WHAT YOU SHOULD DO:
Would you restate each line of the data below word for word, without its pictures?

PROVIDED MATERIAL:
··········
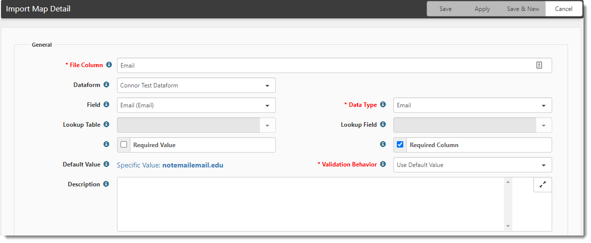 Note: If you click the Required Value checkbox on the Import Map Detail screen and the selected Data Type is "Email", "Fail Entire Row" is set by default in the Validation Behavior field and cannot be edited (unless you uncheck Required Value). This informs the system that an email field entry is required in each import row. If the email value is missing (i.e., blank) in the import row, the row fails. No Default Value substitutions are permitted. |
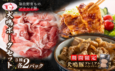 【期間限定】犬鳴ポーク 3種 食べ比べセット(切り落とし/うで/ロース)+手作りプレミアムハンバーグ(2個入り)
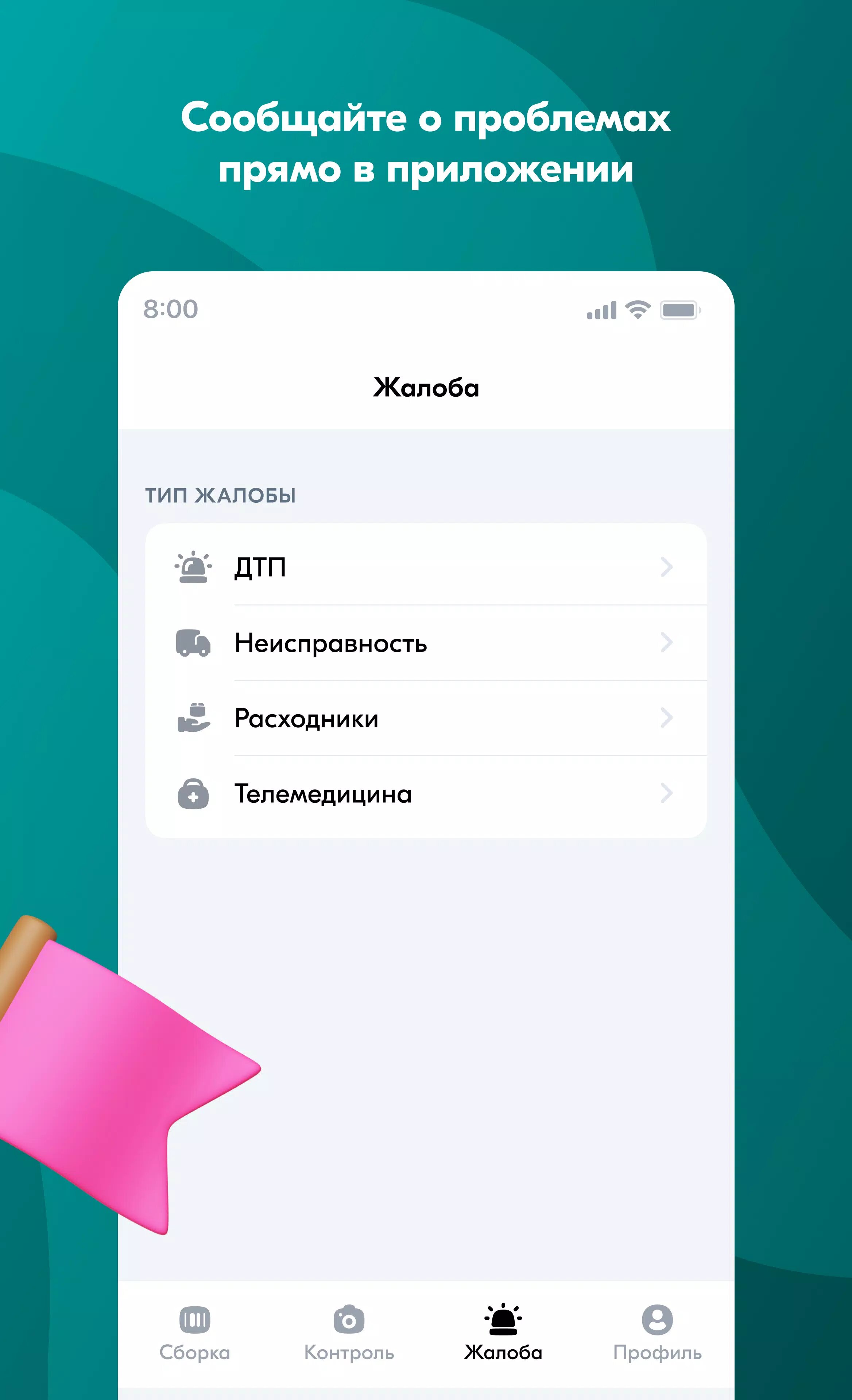 Курьеры на корпоративных транспортных средствах имеют удобную возможность через приложение сообщать о ДТП, неисправностях и фиксировать другие жалобы относительно автомобиля.
··········
TASK SOLUTION:
 Note: If you click the Required Value checkbox on the Import Map Detail screen and the selected Data Type is "Email", "Fail Entire Row" is set by default in the Validation Behavior field and cannot be edited (unless you uncheck Required Value). This informs the system that an email field entry is required in each import row. If the email value is missing (i.e., blank) in the import row, the row fails. No Default Value substitutions are permitted. |
 【期間限定】犬鳴ポーク 3種 食べ比べセット(切り落とし/うで/ロース)+手作りプレミアムハンバーグ(2個入り)
 Курьеры на корпоративных транспортных средствах имеют удобную возможность через приложение сообщать о ДТП, неисправностях и фиксировать другие жалобы относительно автомобиля.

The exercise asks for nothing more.